[RECORDS PROVIDED — start]
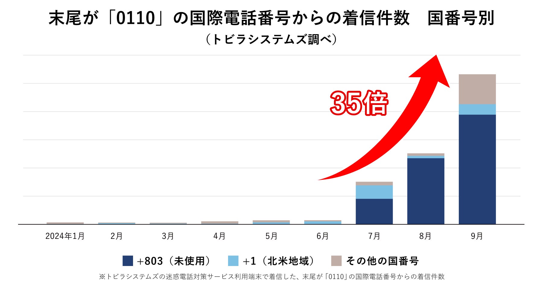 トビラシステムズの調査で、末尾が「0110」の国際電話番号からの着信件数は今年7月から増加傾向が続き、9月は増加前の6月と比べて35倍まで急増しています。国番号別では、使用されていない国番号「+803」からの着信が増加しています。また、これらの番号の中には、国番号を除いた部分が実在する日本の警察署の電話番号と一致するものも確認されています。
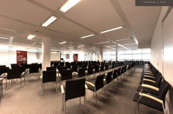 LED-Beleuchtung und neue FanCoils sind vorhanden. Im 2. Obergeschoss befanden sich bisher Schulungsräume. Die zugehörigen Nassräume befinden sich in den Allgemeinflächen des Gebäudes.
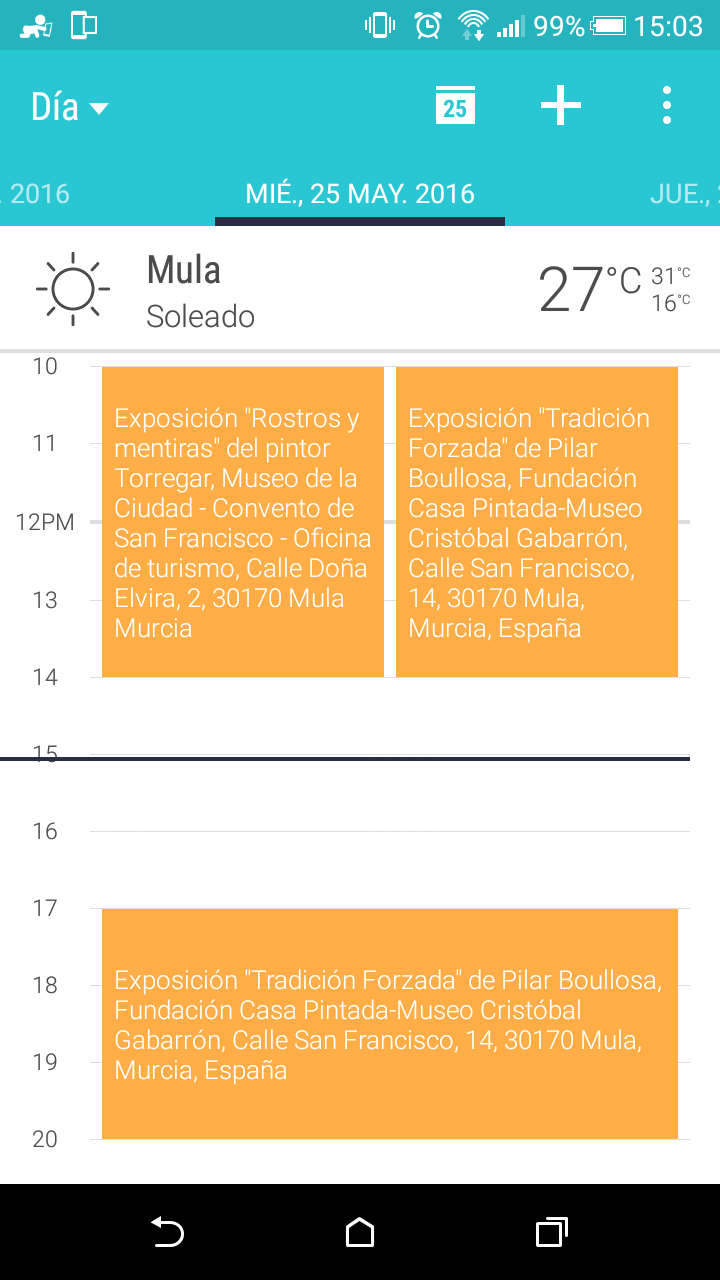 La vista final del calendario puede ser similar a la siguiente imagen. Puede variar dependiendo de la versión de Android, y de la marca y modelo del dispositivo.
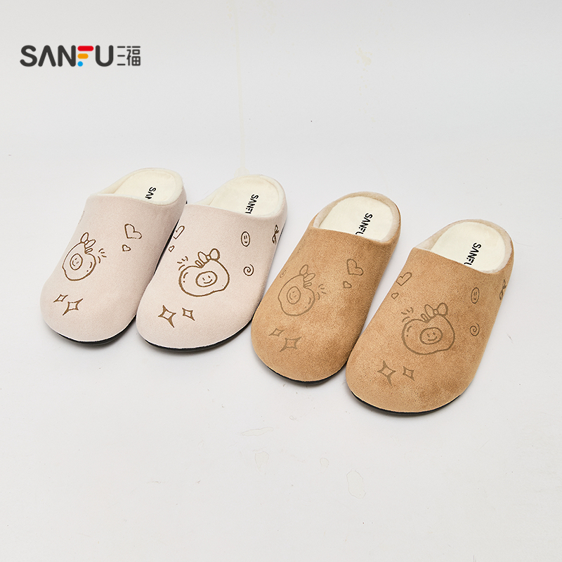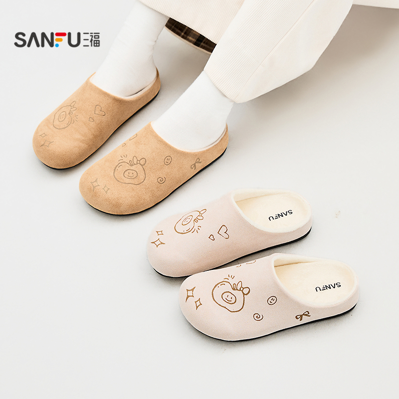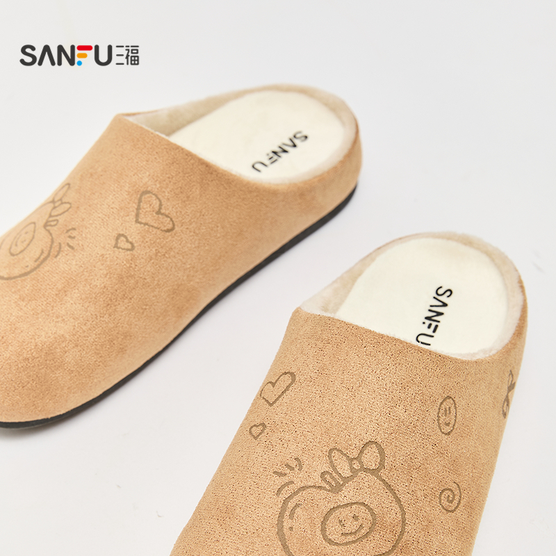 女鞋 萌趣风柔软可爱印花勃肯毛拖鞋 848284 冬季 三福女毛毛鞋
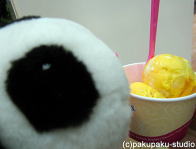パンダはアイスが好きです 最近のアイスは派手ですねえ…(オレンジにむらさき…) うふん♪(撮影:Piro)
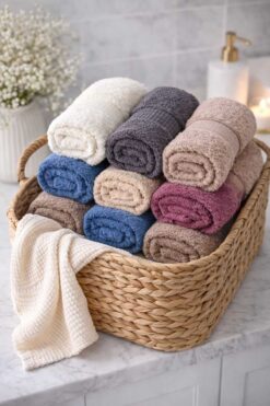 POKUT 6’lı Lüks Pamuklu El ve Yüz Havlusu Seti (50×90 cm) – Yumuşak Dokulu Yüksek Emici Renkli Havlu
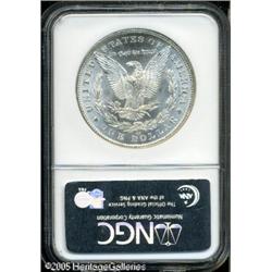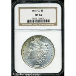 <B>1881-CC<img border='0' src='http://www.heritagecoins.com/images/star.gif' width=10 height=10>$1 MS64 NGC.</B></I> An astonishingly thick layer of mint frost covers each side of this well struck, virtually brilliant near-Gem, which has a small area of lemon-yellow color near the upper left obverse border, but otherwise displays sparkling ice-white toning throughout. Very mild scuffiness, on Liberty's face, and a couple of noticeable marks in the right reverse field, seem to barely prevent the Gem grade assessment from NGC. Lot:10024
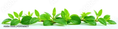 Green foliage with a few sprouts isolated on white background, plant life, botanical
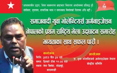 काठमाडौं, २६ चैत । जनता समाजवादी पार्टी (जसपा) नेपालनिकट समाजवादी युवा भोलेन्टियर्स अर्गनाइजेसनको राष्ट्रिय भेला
[RECORDS PROVIDED — finish]
[RECORDS PROVIDED — start]
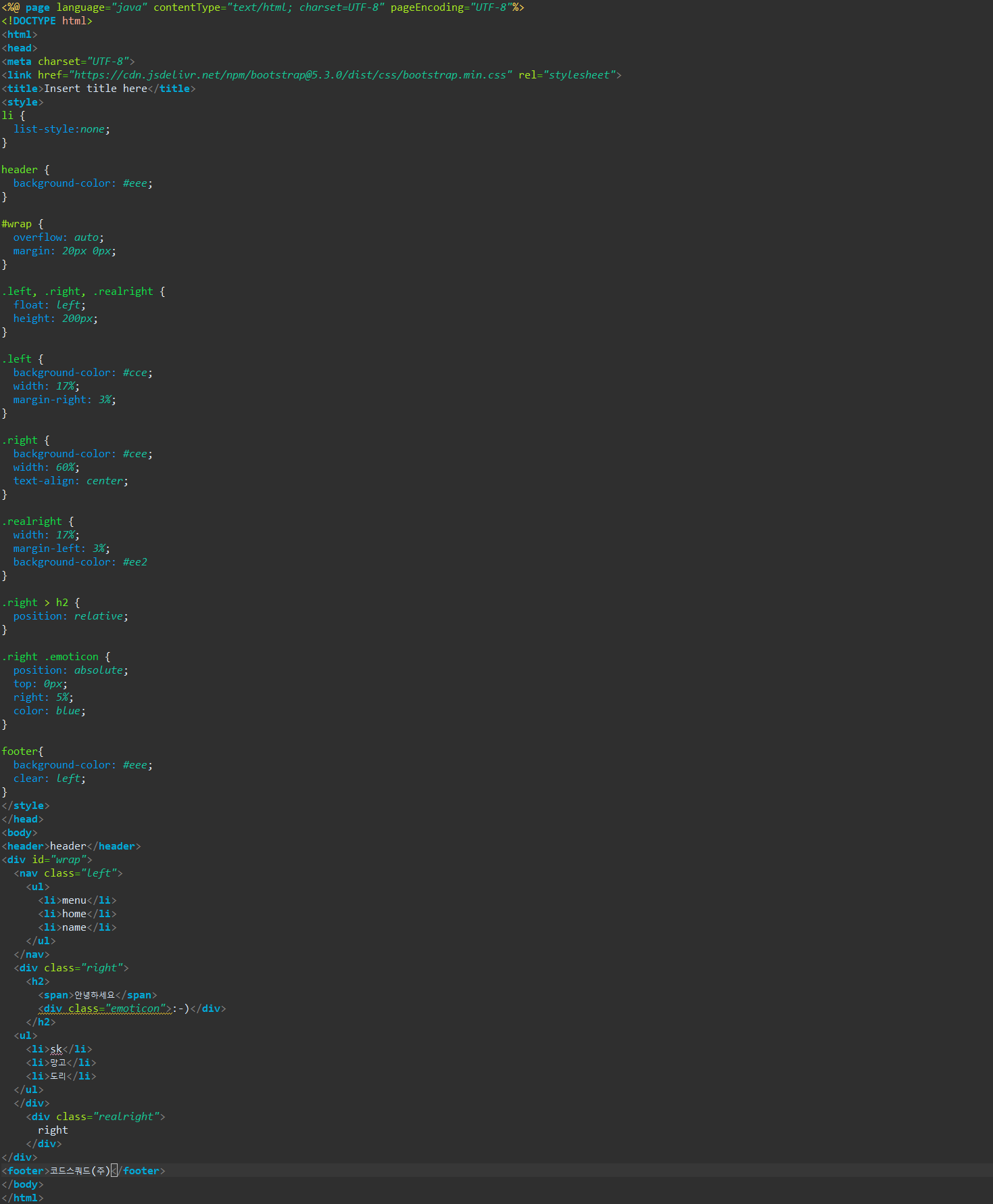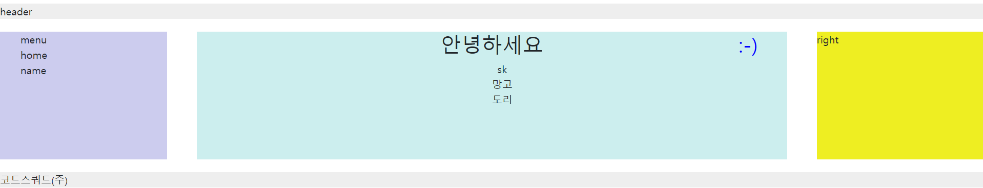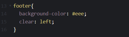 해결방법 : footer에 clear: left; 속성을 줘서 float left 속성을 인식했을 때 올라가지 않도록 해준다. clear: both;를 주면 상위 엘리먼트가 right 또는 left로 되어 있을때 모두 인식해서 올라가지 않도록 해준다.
[RECORDS PROVIDED — finish]
[RECORDS PROVIDED — start]
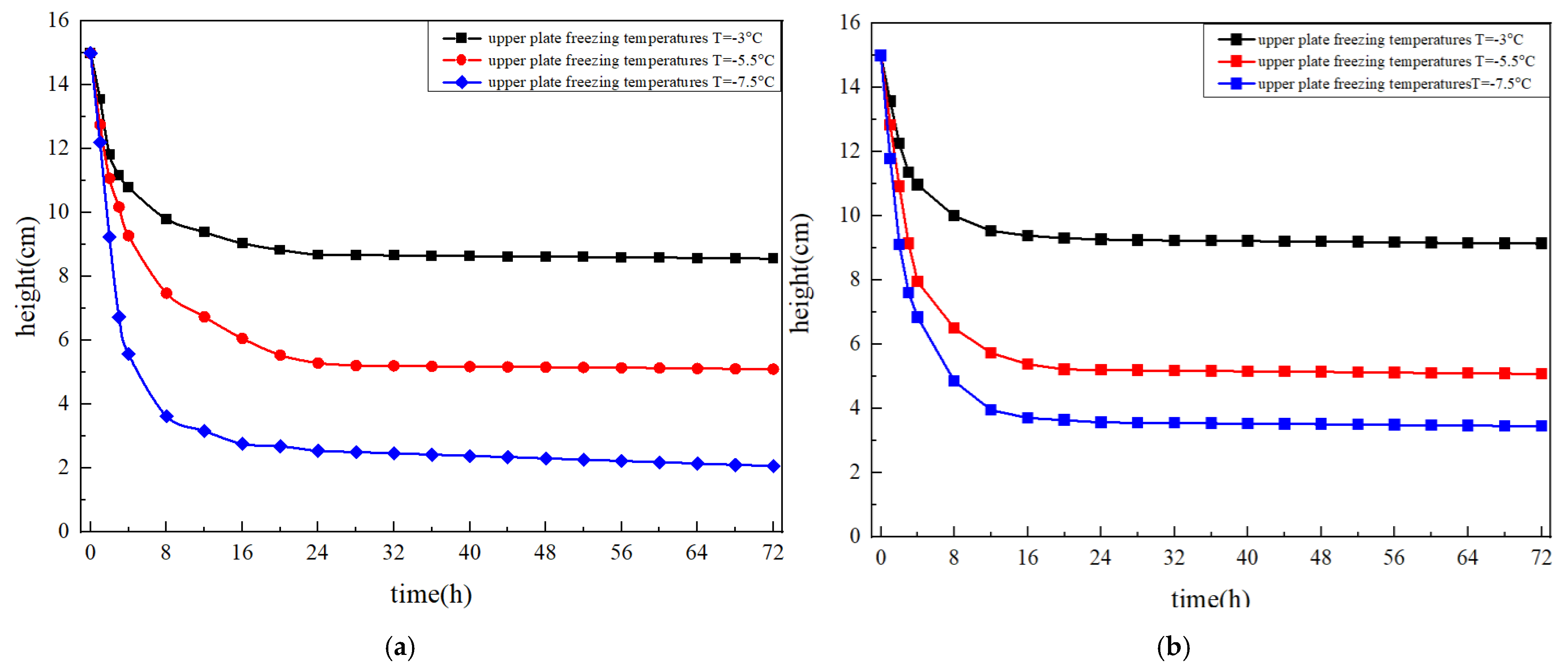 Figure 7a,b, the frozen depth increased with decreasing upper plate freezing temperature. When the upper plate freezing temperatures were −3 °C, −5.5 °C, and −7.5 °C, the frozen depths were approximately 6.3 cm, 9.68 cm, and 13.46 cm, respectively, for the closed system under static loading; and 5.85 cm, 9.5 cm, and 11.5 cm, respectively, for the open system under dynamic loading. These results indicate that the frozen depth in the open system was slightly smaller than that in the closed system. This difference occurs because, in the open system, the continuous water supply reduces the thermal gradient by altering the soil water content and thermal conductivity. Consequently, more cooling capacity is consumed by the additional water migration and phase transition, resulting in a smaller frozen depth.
[RECORDS PROVIDED — finish]
## WHAT YOU WILL DO:
Word for word, restate the lines above from the one with "トビラシステムズの調査で、末" through the one with "女鞋 萌趣风柔软可爱印花勃肯毛拖鞋 848284 冬季 三福女毛毛鞋", keeping both ends and dropping the pictures.

## TASK ANSWER:
 トビラシステムズの調査で、末尾が「0110」の国際電話番号からの着信件数は今年7月から増加傾向が続き、9月は増加前の6月と比べて35倍まで急増しています。国番号別では、使用されていない国番号「+803」からの着信が増加しています。また、これらの番号の中には、国番号を除いた部分が実在する日本の警察署の電話番号と一致するものも確認されています。
 LED-Beleuchtung und neue FanCoils sind vorhanden. Im 2. Obergeschoss befanden sich bisher Schulungsräume. Die zugehörigen Nassräume befinden sich in den Allgemeinflächen des Gebäudes.
 La vista final del calendario puede ser similar a la siguiente imagen. Puede variar dependiendo de la versión de Android, y de la marca y modelo del dispositivo.
 女鞋 萌趣风柔软可爱印花勃肯毛拖鞋 848284 冬季 三福女毛毛鞋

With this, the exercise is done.